- [YOUR INSTRUCTIONS]:
Return the listing below exactly. Leave its pictures out.

- [DATA SEGMENT]:
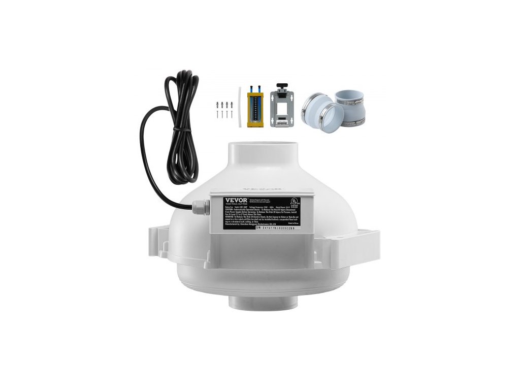 Instalační sada radonového ventilátoru VEVOR 4 až 4,5 palce, tichý systém ventilátoru pro zmírnění radonu o výkonu 260 CFM se 2 spojkami, indikátor tlaku, vodotěsný potrubní ventilátor pro odsávání vnitřních i venkovních prostorů
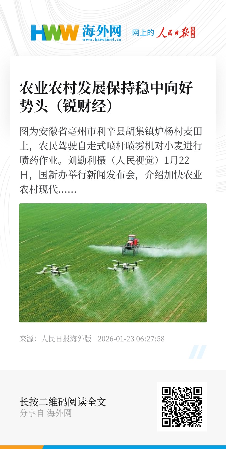 1月22日,国新办举行新闻发布会,介绍加快农业农村现代化,扎实推进乡村全面振兴有关情况。农业农村部副部长张兴旺在会上表示,2025年,各级农业农村部门扎实有力推进乡村全面振兴和农业强国建设重点工作,农业农村发展保持了稳中有进、稳中向好的势头,全年和“十四五”各项目标任务顺利完成,为推动经济社会高质量发展提供了基础支撑。
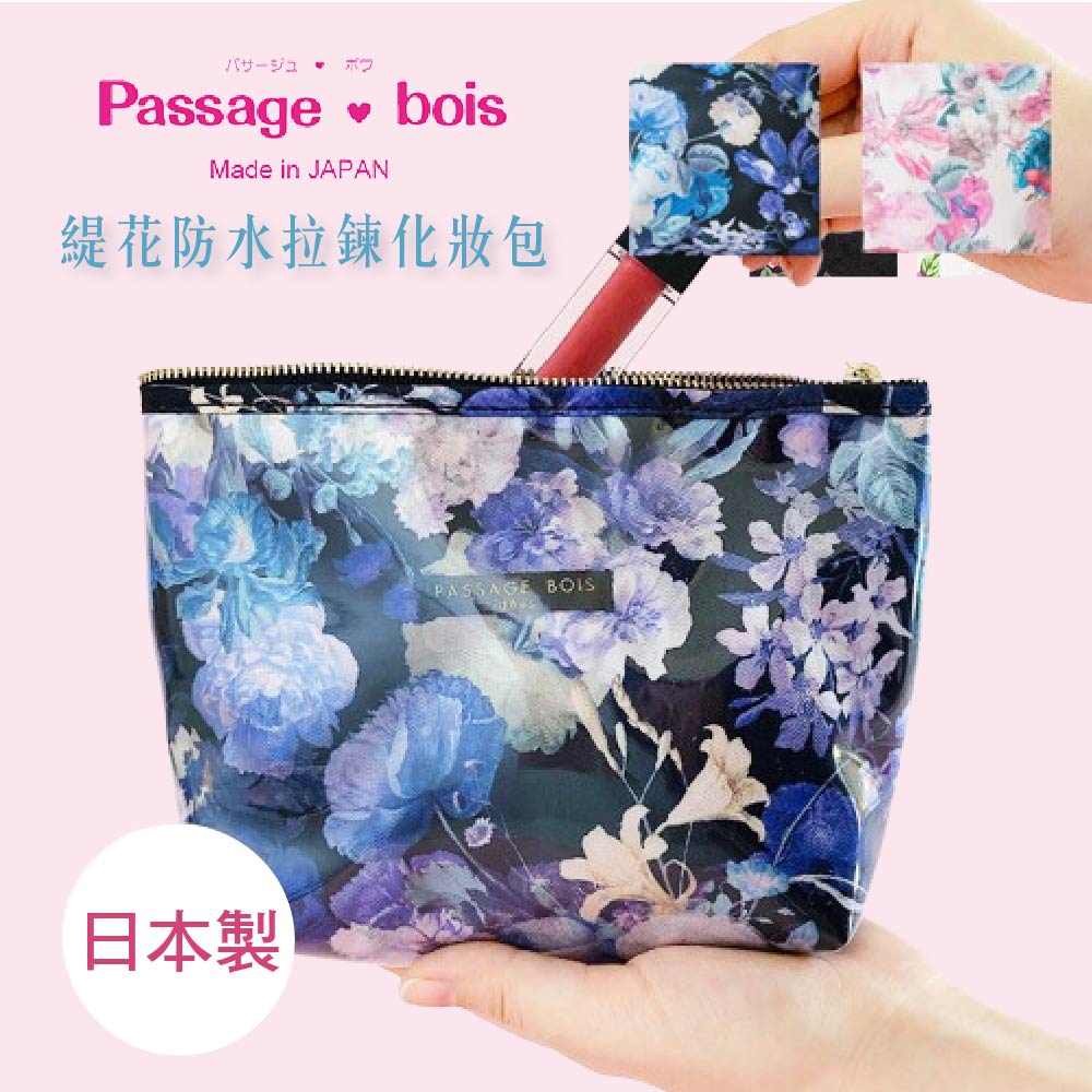 日本製 【Passage Bois】緹花 防水拉鍊化妝包

- [EXERCISE SOLUTION]:
 Instalační sada radonového ventilátoru VEVOR 4 až 4,5 palce, tichý systém ventilátoru pro zmírnění radonu o výkonu 260 CFM se 2 spojkami, indikátor tlaku, vodotěsný potrubní ventilátor pro odsávání vnitřních i venkovních prostorů
 1月22日,国新办举行新闻发布会,介绍加快农业农村现代化,扎实推进乡村全面振兴有关情况。农业农村部副部长张兴旺在会上表示,2025年,各级农业农村部门扎实有力推进乡村全面振兴和农业强国建设重点工作,农业农村发展保持了稳中有进、稳中向好的势头,全年和“十四五”各项目标任务顺利完成,为推动经济社会高质量发展提供了基础支撑。
 日本製 【Passage Bois】緹花 防水拉鍊化妝包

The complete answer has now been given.